Mr. Cudjoe said this in Tamale on Thursday February 8, 2018 at a two-day Financial Literacy and Public Awareness Campaign training workshop for selected journalists from the Upper West, Upper East, Northern and Brong Ahafo Regions.
The workshop was organized by Trans-Media Network in collaboration with the Frankfurt School of Finance and Management and the International Finance Corporation of the World Bank Group.
The overall objective of the campaign is to effectively raise public awareness on the financial infrastructures available to access finance through the use of the Collateral Registry (CR) and Credit Reference Bureaus (CRBs) as well as promote responsible lending and borrowing for personal and business purposes.
The main aim of the training was to also enlighten the journalists on the roles and functions of the CRBs and the CR. Thus, the participants discussed key issues that the Financial Literacy campaign was seeking to address and brainstorm on the type of content and advocacy activities media houses could create for their television and radio stations, newspapers or magazines and online news portals.

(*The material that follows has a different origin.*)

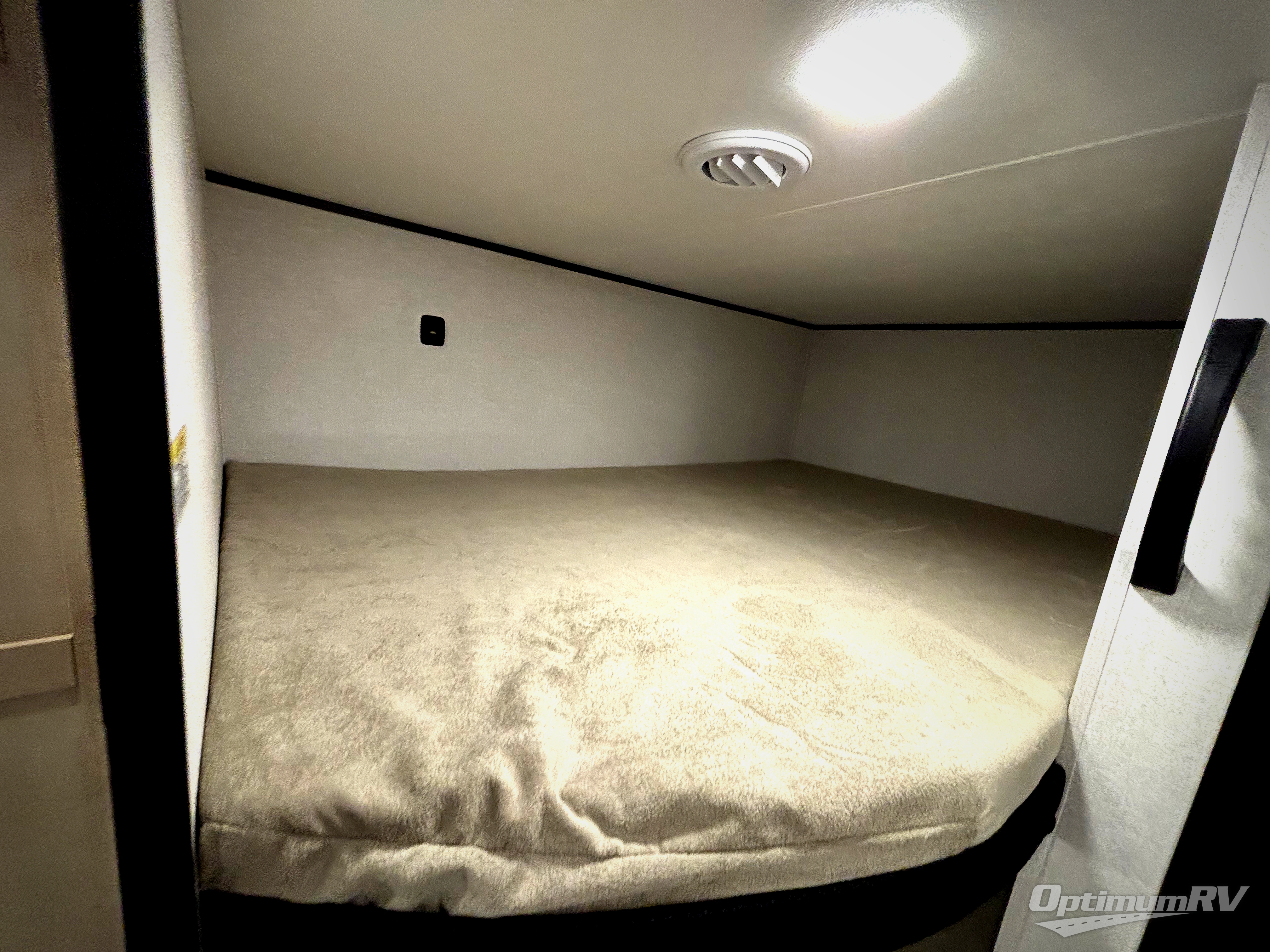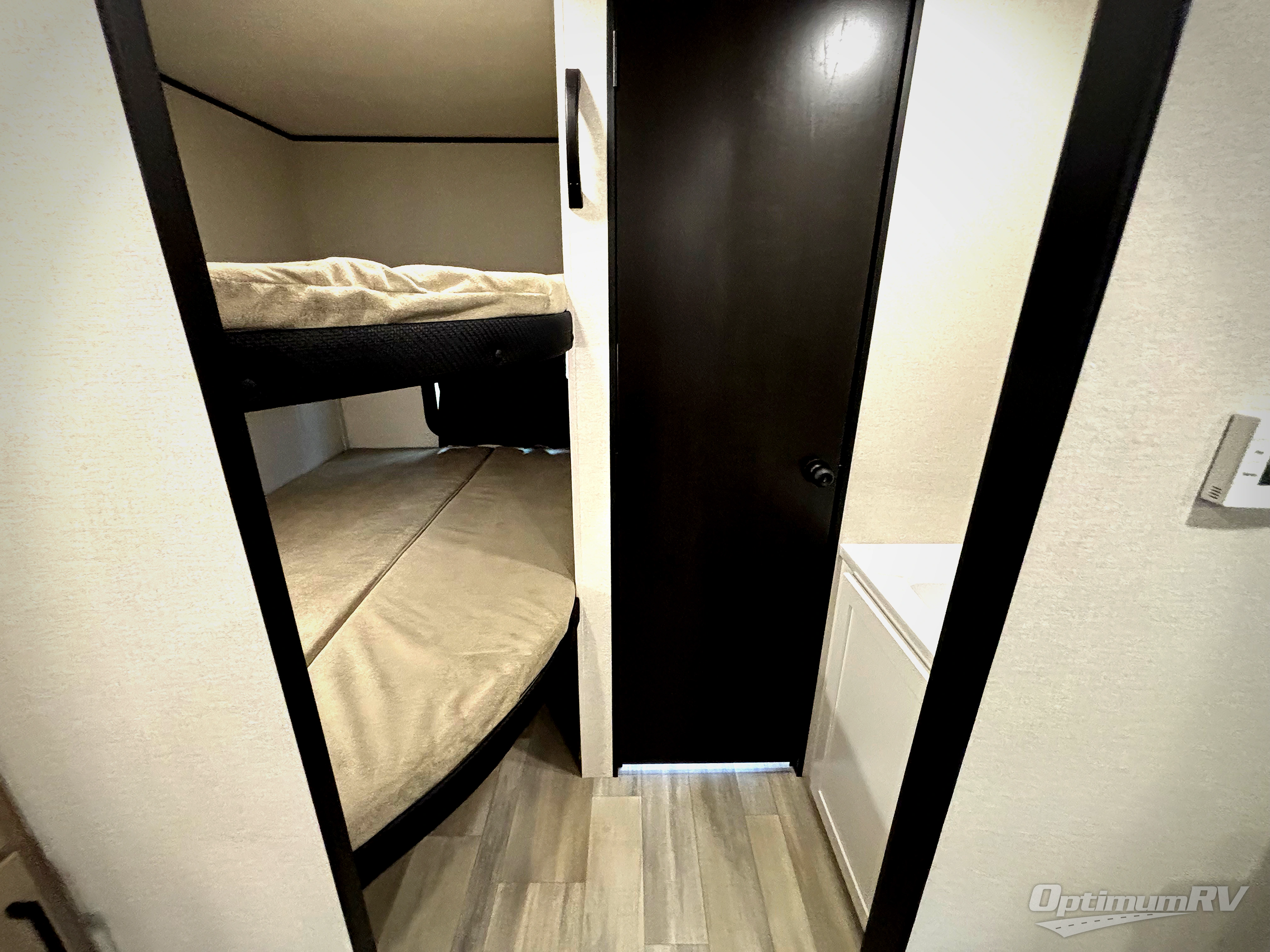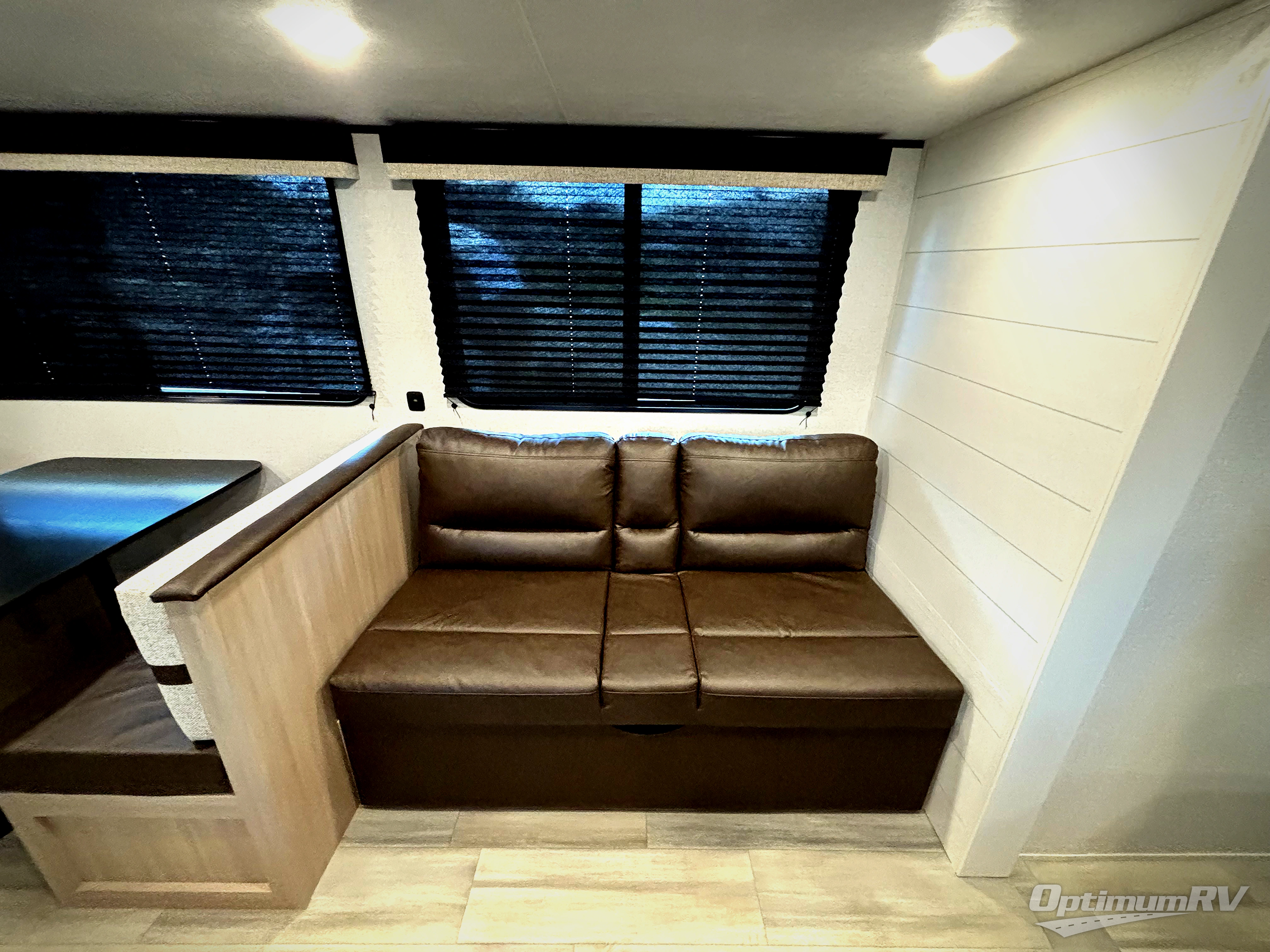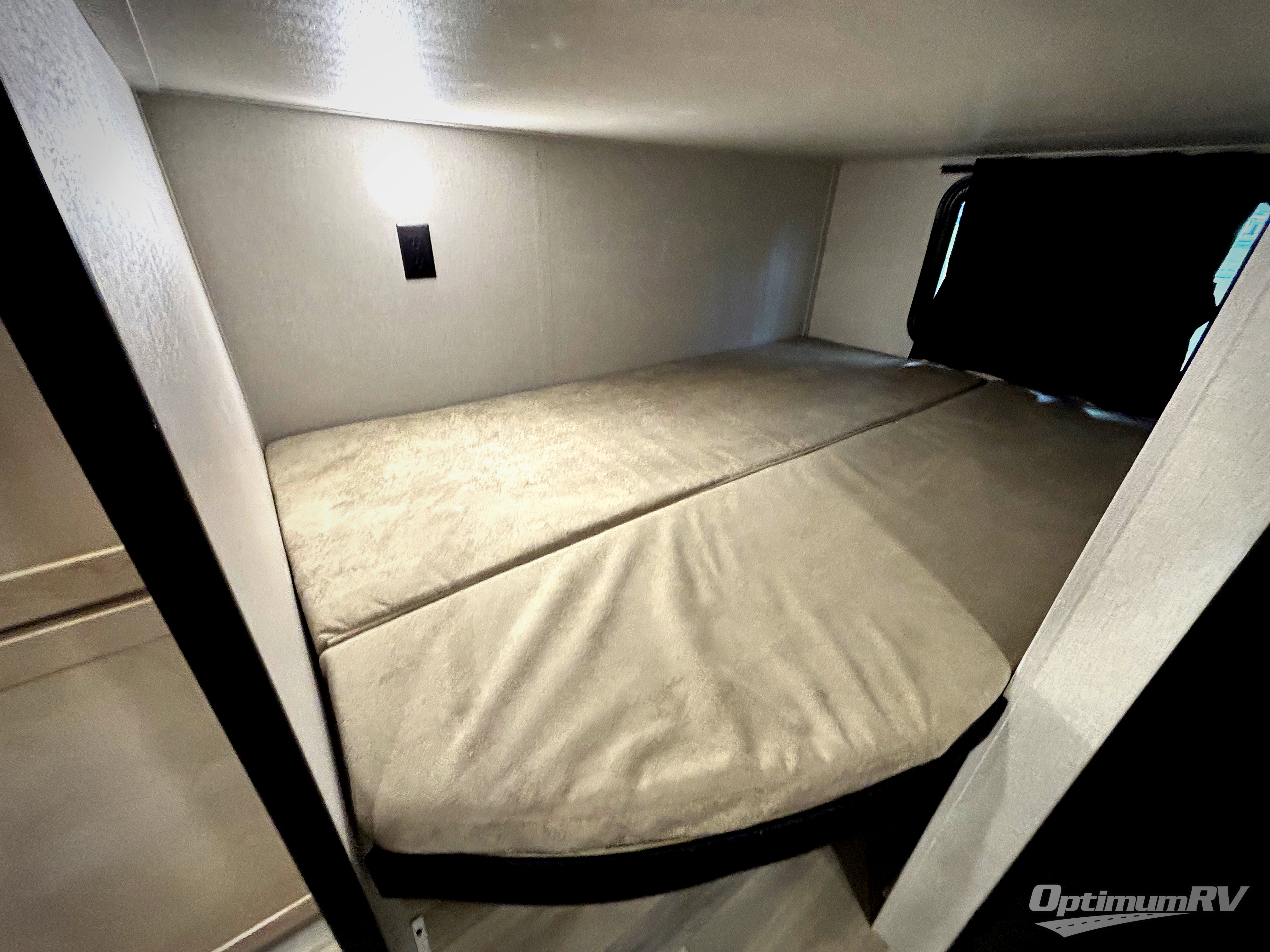 The whole gang will love weekends in the woods with this travel trailer in tow! There is a large slide out for added space, and here you'll find the jack-knife sofa and booth dinette. You can claim the front private bedroom to yourselves, while your guests or little ones take the double-size bunks. A full kitchen is complete with a three-burner cooktop and microwave oven to make meals each day, plus a 12V refrigerator and pantry for food storage. This unit also includes an outdoor kitchen with a refrigerator to keep cold drinks ready to enjoy!

CRBs are institutions (Xdsdata Ghana, Hudson Price and Dun and Bradstreet) that collect relevant information from creditors and available public sources on a borrower’s credit history.
They also compile information on individuals and firms, such as information on credit repayment records, court judgments, dud cheques and bankruptcies as well as create a comprehensive credit report/score that is sold to creditors.

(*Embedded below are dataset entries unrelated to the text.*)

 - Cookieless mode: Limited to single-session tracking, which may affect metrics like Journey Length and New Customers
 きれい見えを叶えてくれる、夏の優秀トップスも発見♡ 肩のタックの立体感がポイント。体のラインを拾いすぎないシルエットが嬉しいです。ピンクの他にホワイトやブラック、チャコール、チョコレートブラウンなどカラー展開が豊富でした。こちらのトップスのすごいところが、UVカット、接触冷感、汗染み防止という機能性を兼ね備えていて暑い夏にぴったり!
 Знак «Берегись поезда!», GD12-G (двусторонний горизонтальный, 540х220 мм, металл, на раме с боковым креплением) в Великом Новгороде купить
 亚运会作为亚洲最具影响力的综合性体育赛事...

According to Mr. Cudjoe, CRBs expand access to credit and lower costs of credit for good borrowers as well as allowing lenders to assess an applicant’s total indebtedness so as to enable them calculate a borrower’s capacity to service a debt.

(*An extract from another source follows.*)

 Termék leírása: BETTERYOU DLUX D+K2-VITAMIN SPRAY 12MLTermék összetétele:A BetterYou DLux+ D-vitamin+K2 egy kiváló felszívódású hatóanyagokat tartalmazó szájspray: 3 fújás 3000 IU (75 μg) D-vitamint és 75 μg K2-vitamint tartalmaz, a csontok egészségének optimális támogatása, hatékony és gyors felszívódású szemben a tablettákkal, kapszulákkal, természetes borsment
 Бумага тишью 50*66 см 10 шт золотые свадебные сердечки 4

Senior Micro, Small and Medium Enterprise (MSME) expert at the Frankfurt School of Finance and Management, Mawuko Williams, said there about 4 million and 36 million MSMEs in Africa, and yet there was a huge financing of US$80 billion in the SMEs sector and US$50 billion in the micro sector.
He observed that, MSMEs played critical roles to the economic development and prosperity of every nation including Ghana, saying “they contribute over 50 percent of GDP, over 60 percent of employment, responsible for high productivity and resource efficiency among others”.
Mr. Williams indicated that, majority of Ghanaians were employed in the private which was supposedly the engine of growth but sadly, “the private sector is not producing that much due to lack of credit to expand its operations and also employ the requisite skills or expertise to bring a lot more innovation”.
He said in order for MSMEs to expand so well and increase productivity, journalists must take it as a responsibility to sensitise them on the importance of the CBRs, CR, Ghana Post GPS or identification system and insolvency regime others.
“For instance, identification is a huge problem in credit management in the financial sector, because financial institutions have difficulty trusting the identity or address of individuals and businesses seeking credit. So a good identification system is an enabler of a responsible effective credit system”, Mr. Williams underscored.
At the end of the training workshop, a working group comprising of the over 20 journalists, was formed to embark on the campaign to do stories or create radio and television contents that would sensitise the general public and businesses to understand how they and for that matter, Ghana stand to gain if they make use the CRBs, CR and other infrastructures in the financial sector of the country.